My grandmother, who was 73 at the time in 1964, was a very conservative woman, born in Ipswich, Massachusetts, 1891, and grew up in the Victorian era. She was obsessed with good manners, being "proper", what Other People Thought, her aristocratic Scottish heritage, Burke's Peerage and The Social Register. She was anxious, critical, racist and not a warm or friendly person. But she was not the monster her daughter had become and in some small ways Granny was capable of giving a little, when it suited her and in the ways it suited her.

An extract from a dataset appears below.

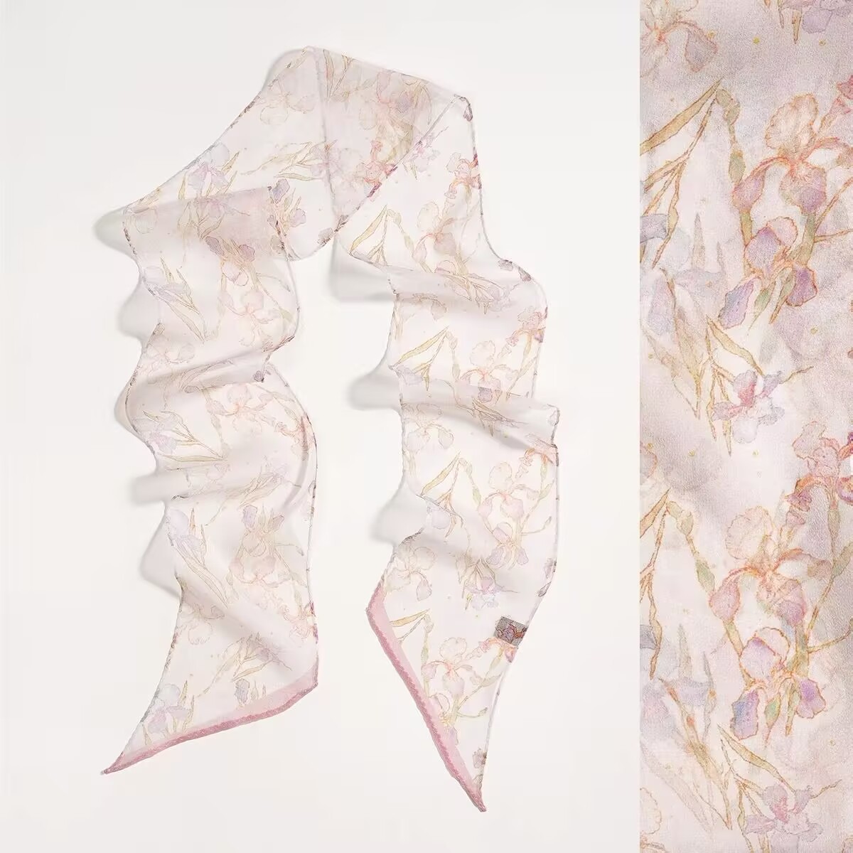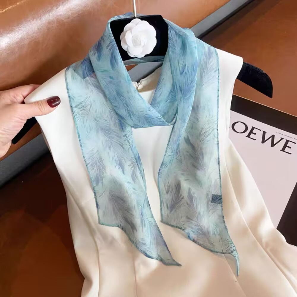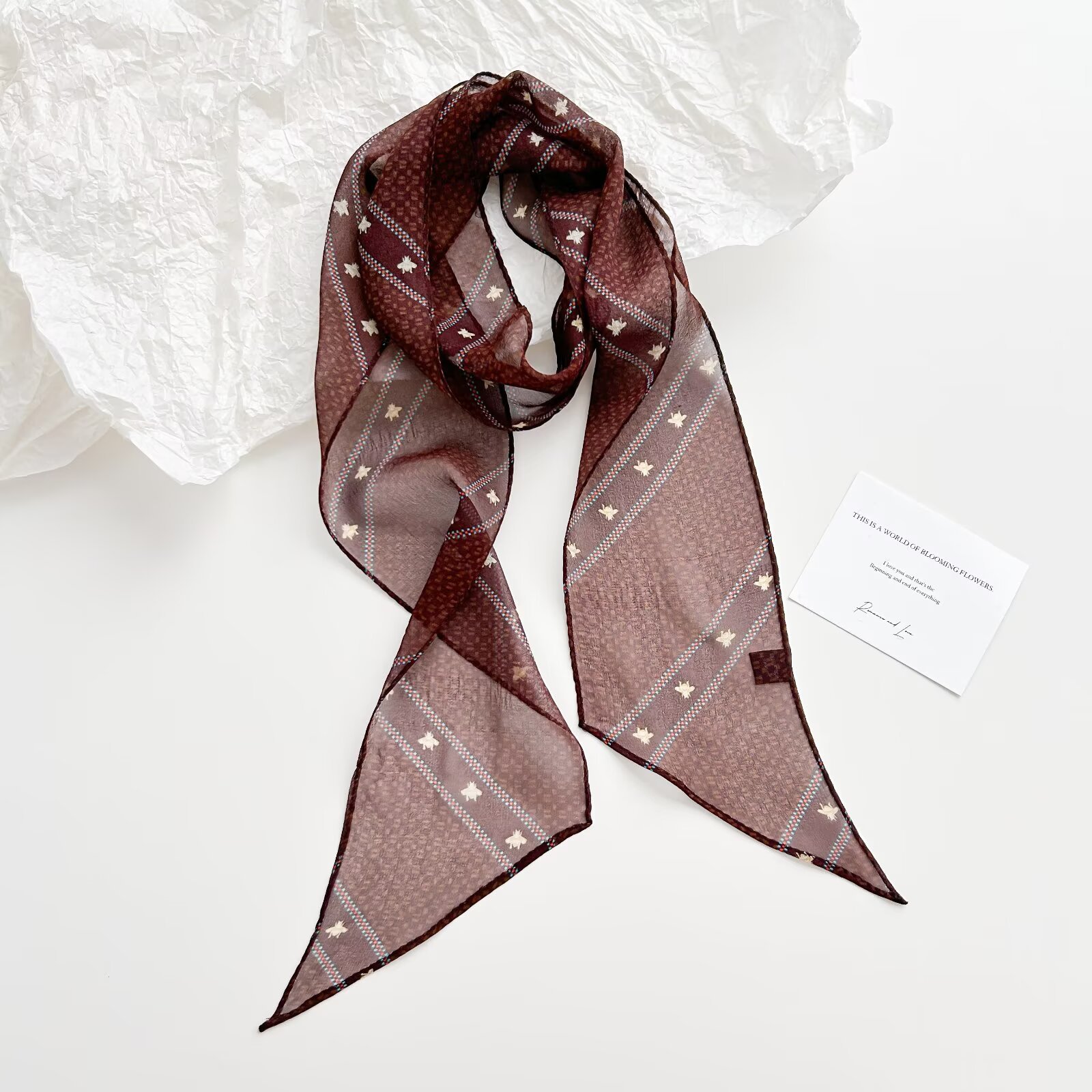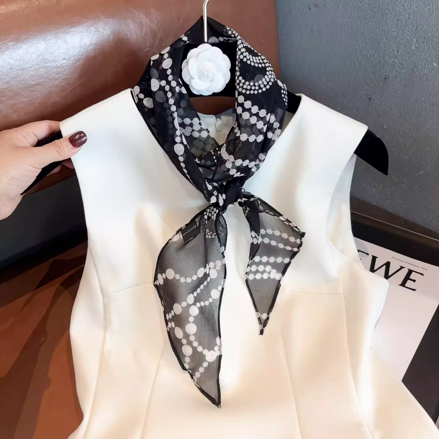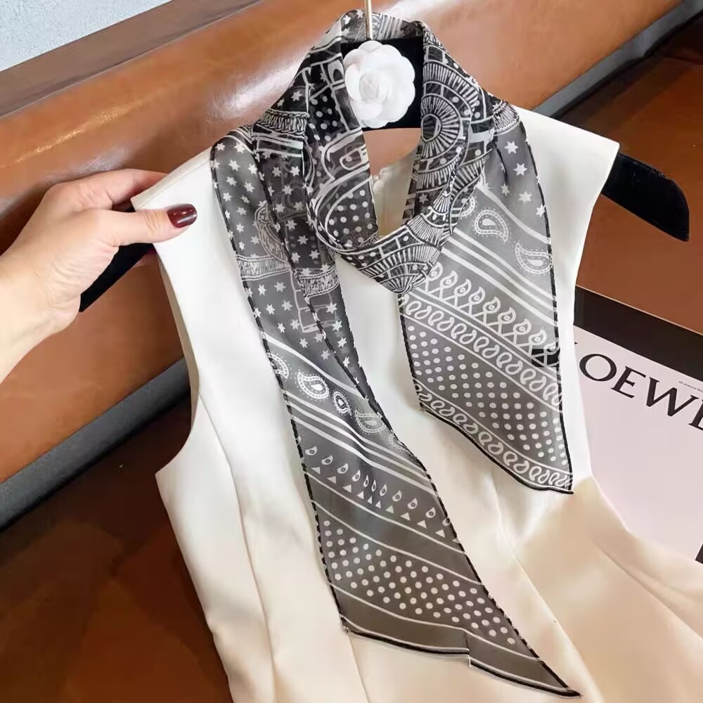 여름 상큼하고 통기성이 좋은 얇은 실크 스카프 100% 뽕나무 실크 숨겨진 체크 무늬 조젯 스트립 스커트가 있는 여성용 작은 스카프

Since her husband had died, she worked as a volunteer at The Generosity Thrift Shop, which was near where she lived at 150 East 72nd Street. The Generosity Thrift Shop was at 1321 Second Avenue between 69th and 70th Street. It was only open from 10am to 4:15pm. Having been founded by New York socialite, Polly Whittier Iselin, this thrift shop was the beneficiary of well to do people on the Upper East Side. Even though she was fairly rich at the time, Granny often brought stuff home from the thrift shop. One of the things she brought home was a transistor radio, which she gave to me.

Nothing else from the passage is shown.